You can use this module: https://github.com/CrabDude/trycatch
 
It won't require any major changes to the app. I think this is exactly what are you looking for.
 
 
As for better general solution, I'd second @tj on that, generators are a nice idea. I didn't try koa, but looks promising. Also, this article - http://spion.github.io/posts/why-i-am-switching-to-promises.html - can be useful and almost made me change the way I do that, but not completely. :)
 
 
15.01.2014, 09:43, "Gregg Caines" <cai...@gmail.com>:
Well even though all the responses so far would require some pretty non-standard solutions (and therefore major changes to our current app), I really do appreciate them.  We have logging, metrics and alerts on server restarts, so we know about and fix restarts as fast as possible I believe, but losing 10,000+ user requests at once (per server!  and we have dozens of servers running!) due to one bad api endpoint is just not worth the risk of running like this anymore.  I'm definitely forced to consider the weirder solutions if there isn't a standard one.
 
There have got to be others working on a standard yet somewhat large deployment that have similar concerns though.  How is everyone else managing this?   (And if your answer is "Be more careful", I'm going to assume you're not in the same situation.  Also: we've got a staging environment we test in first and nearly 100% test coverage  )
 


On Tuesday, January 14, 2014 7:40:51 PM UTC-8, tjholowaychuk wrote:
check out Koa http://koajs.com/ you won't get separate stacks like you do with node-fibers but similar otherwise (built with generators)

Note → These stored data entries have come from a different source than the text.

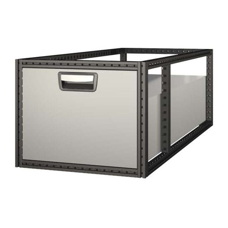 Die extralangen Schubladenmodule haben einen Rahmen aus ultrahochfestem Stahl und Schubladen aus Aluminium. Die Schubladen sind serienmäßig mit Kugellagern ausgestattet. Die Mischung aus festen und flexiblen Lagern macht sie sowohl stabil als auch einfach zu bedienen.
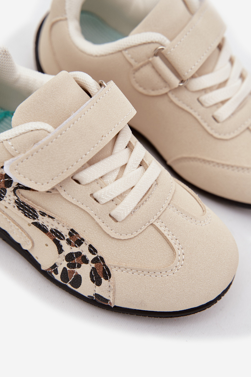 Дитяче спортивне взуття на липучці бежеве з принтом пантери Perrin
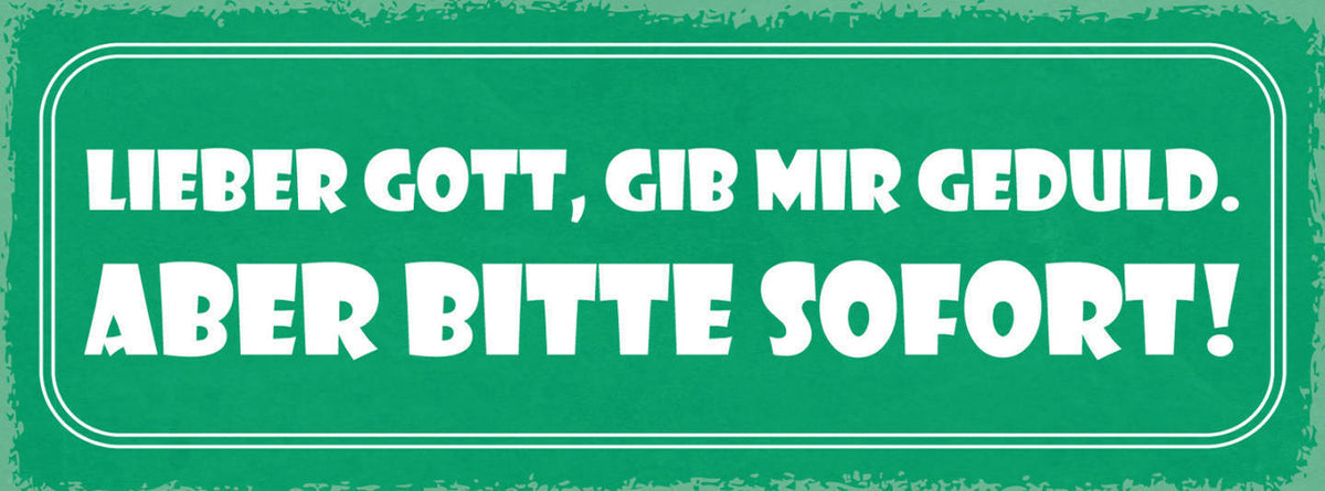 Schild Lieber Gott Gib Mir Geduld Aber Bitte Sofort Wunsch 27x10 Blech od.Holz Im Angebot

On Tuesday, 14 January 2014 12:28:52 UTC-8, Gregg Caines wrote:
Hey all... I'm wondering if anyone can point me to the current best-practice for isolating requests in a web app.  In general I'm trying to solve the problem of keeping the server running despite bad code in a particular request.  Are domains my only shot?  Do they completely solve it?  Does anyone have existing code?

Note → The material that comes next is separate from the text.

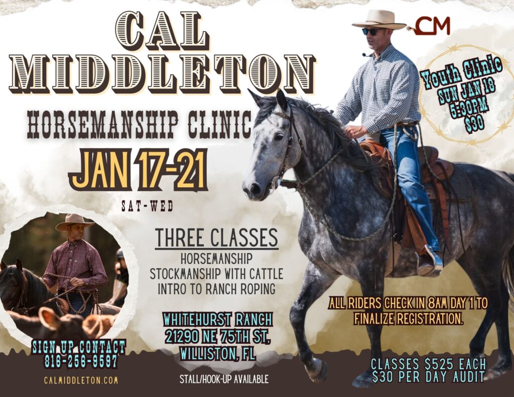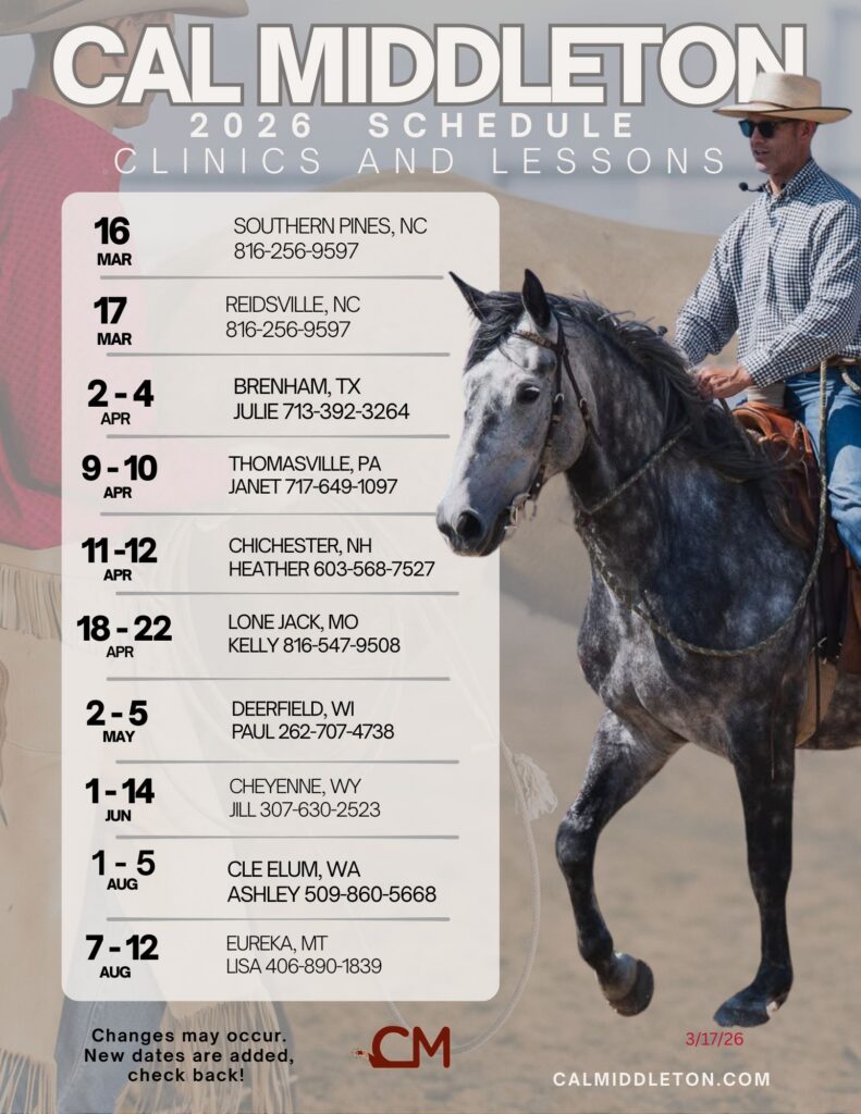 Be sure to "like" and "follow" Cal through out his social network to keep up on the latest happenings at Cal Middleton Performance Horses. Don't miss a second!

I'm on a somewhat large team, working on a somewhat large codebase, and until now I've been just logging restarts and combing logs for these types of errors, then fixing them (which I'll always do), but I'm starting to feel a bit silly with PHP having solved this 10 years ago.  ;)  When a bug does get through, it would be nice to not lose the whole server and the possible 10,000+ customer requests attached to it, while I scramble to fix it.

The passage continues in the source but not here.